Currently, the Board has 10 Independent Trustees and 2 Non-Independent Trustees. If the five nominees are elected, the Board will comprise 12 Independent Trustees and 2 Non-Independent Trustees, maintaining a strong majority of independent oversight.
What is the significance of all trustees being shareholder-elected for John Hancock Collateral Trust?
If all five nominees are elected, all 14 trustees on the Board will have been elected by shareholders. This allows the Board to appoint additional trustees to fill future vacancies without requiring a shareholder vote until the number of elected trustees drops below two-thirds of all trustees, streamlining governance.
Where can I find the proxy materials for the John Hancock Collateral Trust shareholder meeting?
The proxy statement for the John Hancock Collateral Trust shareholder meeting is available online at https://www.jhinvestments.com/resources/all-resources/fund-documents/proxy-documents/john-hancock-election-of-trustees-proxy-statement.
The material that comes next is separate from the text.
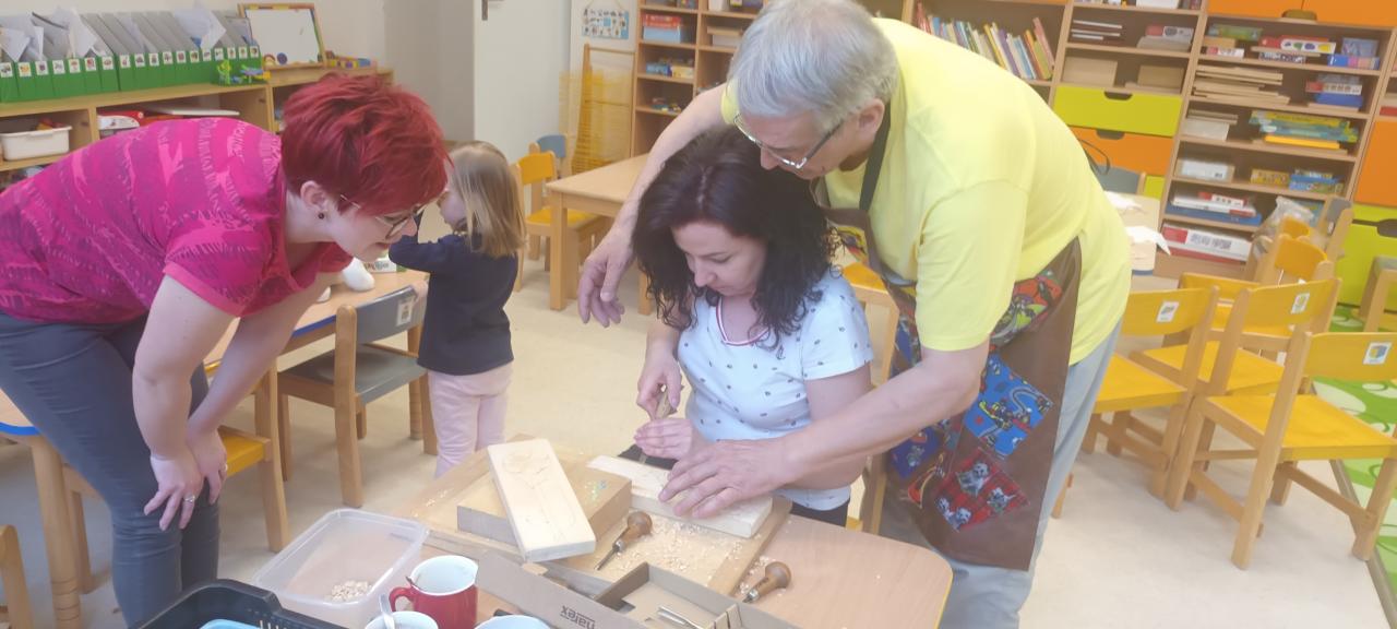 Nejprve děti viděly tři zdařilé pohádky, do jejichž děje byly otázkami herců neustále zapojovány. Dále měly možnost vyzkoušet si práci s dlátem, osahat si různé druhy dřeva, vyzkoušet si pohyb loutky, vše si důkladně prohlédnout a zeptat se na věci, které je zajímaly.

Shareholders can also request a copy of the most recent annual and semi-annual reports by calling 800-225-5291.
Industry Context
The John Hancock Collateral Trust operates within the broader investment trust industry, which is characterized by a wide array of specialized funds catering to diverse investor needs. This sector is highly competitive, with numerous asset managers offering mutual funds, ETFs, and other pooled investment vehicles. Key industry trends include a growing demand for passively managed funds, increasing regulatory scrutiny, and a continuous drive for cost efficiency and technological innovation in fund administration and distribution.
Regulatory Implications
The election of trustees is a standard governance procedure governed by securities regulations. Ensuring a properly constituted board with a sufficient number of independent members is crucial for compliance with corporate governance best practices and regulatory expectations. Any changes to the board structure or composition are subject to disclosure requirements, and the process must adhere to the rules set forth by the SEC.
What Investors Should Do
- Vote on the election of five trustees.
- Vote promptly by mail, phone, or internet.
Key Dates
- 2025-11-12: Special Joint Meeting of Shareholders — Shareholders will vote on the election of five trustees to the Board of Trustees.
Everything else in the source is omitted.